Extracted information:
####
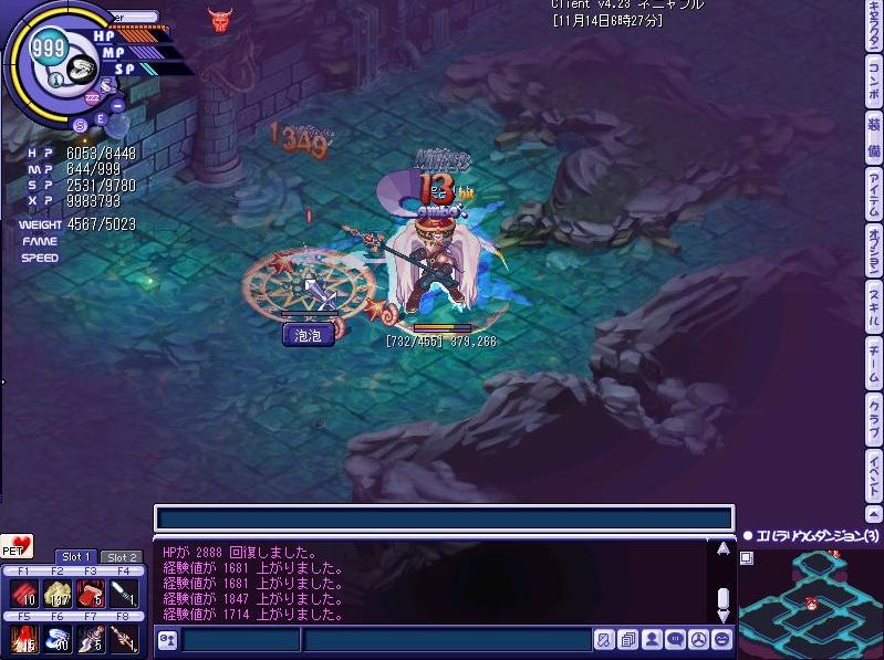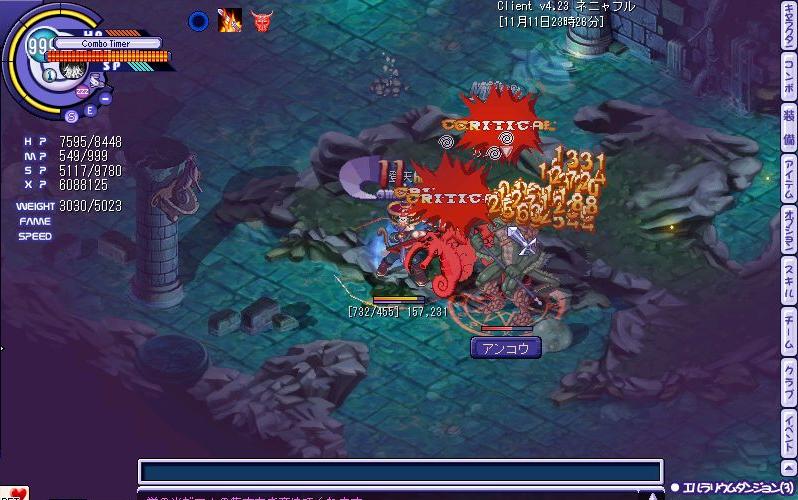 そんな中で自分が一番困ったのが狩場でF5キーを押すとIMEパッドが出てきてそれをいちいち消さないとクライアントが開かず…その間にバシバシ攻撃を喰らい昇天;;;(ちなみにF5キーは紅龍登天が設定されています)一応スロットを組み直しF5を使わないようにしたのですが…慣れってやつですね;ついついF5を押してしまいそのつどあせってIMEパッド消して即回復の繰り返しで…これが治るまではエルラDでの狩りは厳しいかもしれません;
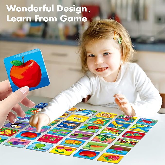 - ATTRACTIVE MATCHING GAME: This nature themed card set is a funny matching game, showing different adorable animals, fruits and plants, which will arouse kids’ curiosity, improve focus and increase memory during the game time. In addition, playing with a group will help enhance the ability of expressing.
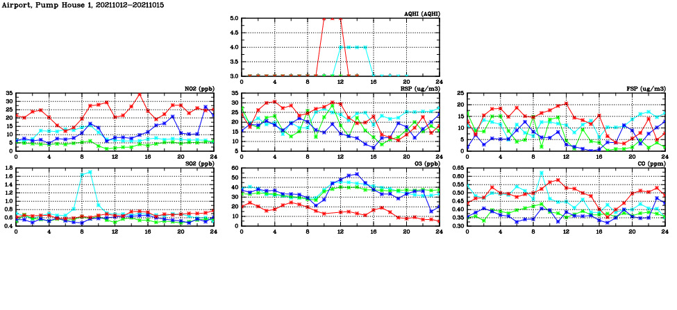 | Air Quality Data Time Series in Airport, Pump House 1 (2021/10/15) | ( Line colors: Day -3 Day -2 Day -1 Current day ) | 2D Map Current AQHI |
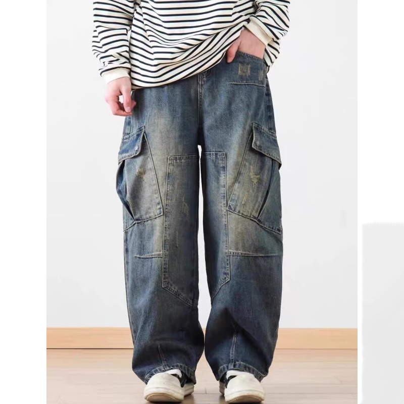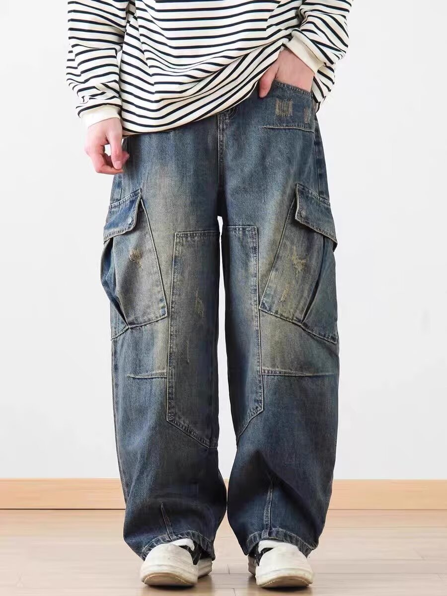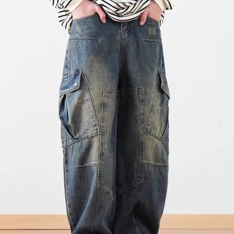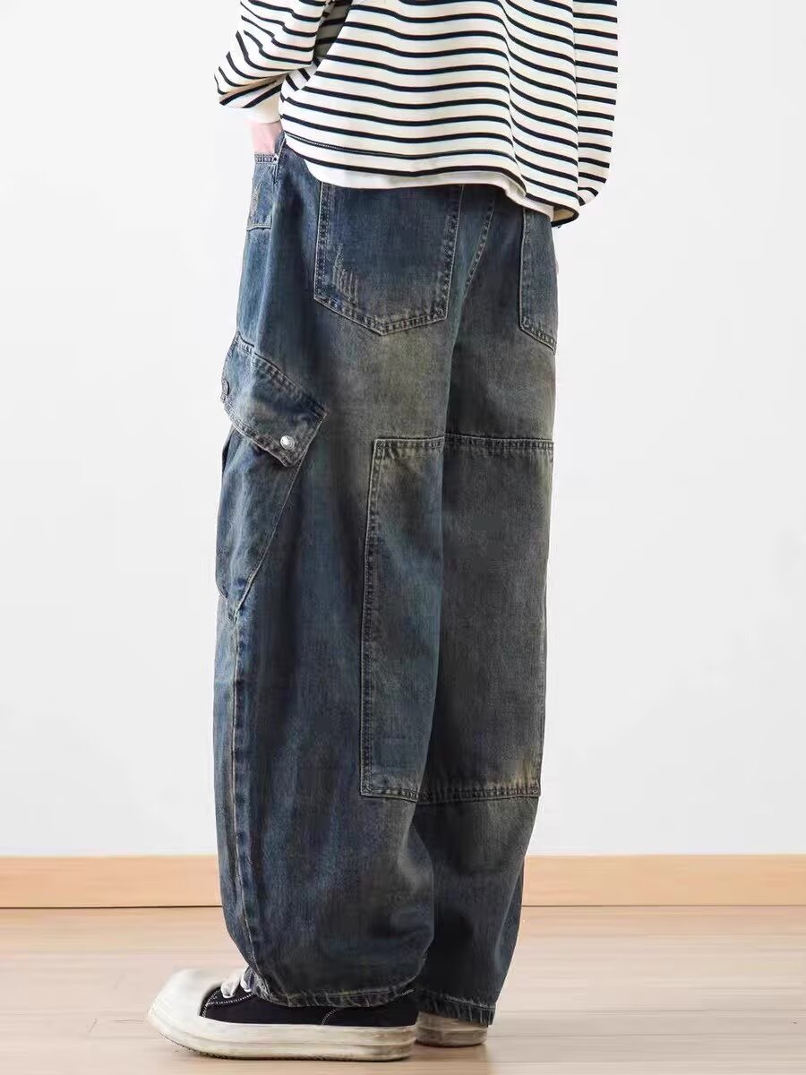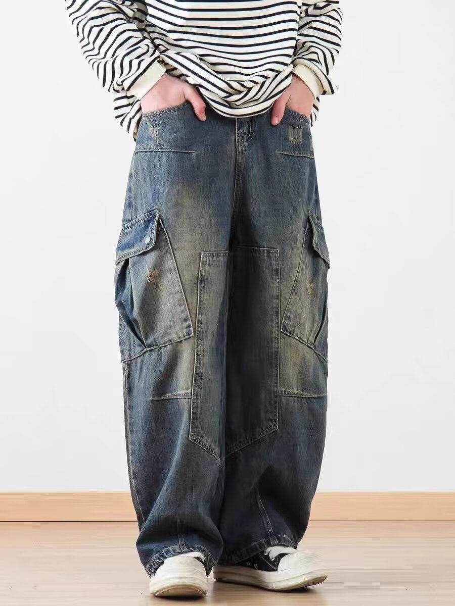 2025 레트로 헤비 세탁 멀티 포켓 올드 시미 타르 데님 하이 스트리트 와이드 레그 멀티 백 바지 남성용 올 매치 바지스토어 가기
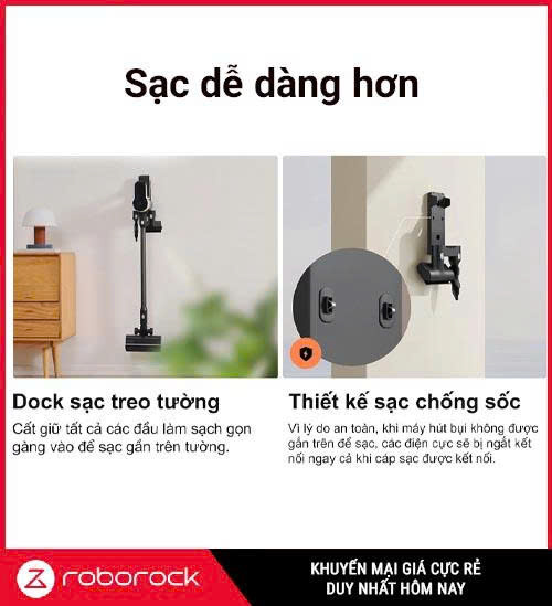 Dung lượng pin lớn giúp Roborock H5 vận hành liên tục tối đa 60 phút mỗi lần sạc. – đủ để làm sạch một căn hộ hoặc nhà nhỏ mà không lo gián đoạn. Theo đánh giá thực tế, thời gian này có thể thay đổi tùy chế độ hút: chế độ mạnh sẽ tiêu thụ nhiều năng lượng hơn, nhưng vẫn đủ để xử lý các khu vực bẩn nhất. Khi cần sạc, bạn chỉ cần đặt máy lên đế treo tường; đế này vừa là nơi cất giữ gọn gàng, vừa là bộ sạc an toàn.. Thiết kế chống sốc điện giúp tránh rò rỉ khi không đặt máy lên dock, đảm bảo an toàn cho gia đình..
####
Your reply should hold exactly the lines from the line containing "- ATTRACTIVE MATCHING" through the final line of the listing, and none of the pictures.

 - ATTRACTIVE MATCHING GAME: This nature themed card set is a funny matching game, showing different adorable animals, fruits and plants, which will arouse kids’ curiosity, improve focus and increase memory during the game time. In addition, playing with a group will help enhance the ability of expressing.
 | Air Quality Data Time Series in Airport, Pump House 1 (2021/10/15) | ( Line colors: Day -3 Day -2 Day -1 Current day ) | 2D Map Current AQHI |
 2025 레트로 헤비 세탁 멀티 포켓 올드 시미 타르 데님 하이 스트리트 와이드 레그 멀티 백 바지 남성용 올 매치 바지스토어 가기
 Dung lượng pin lớn giúp Roborock H5 vận hành liên tục tối đa 60 phút mỗi lần sạc. – đủ để làm sạch một căn hộ hoặc nhà nhỏ mà không lo gián đoạn. Theo đánh giá thực tế, thời gian này có thể thay đổi tùy chế độ hút: chế độ mạnh sẽ tiêu thụ nhiều năng lượng hơn, nhưng vẫn đủ để xử lý các khu vực bẩn nhất. Khi cần sạc, bạn chỉ cần đặt máy lên đế treo tường; đế này vừa là nơi cất giữ gọn gàng, vừa là bộ sạc an toàn.. Thiết kế chống sốc điện giúp tránh rò rỉ khi không đặt máy lên dock, đảm bảo an toàn cho gia đình..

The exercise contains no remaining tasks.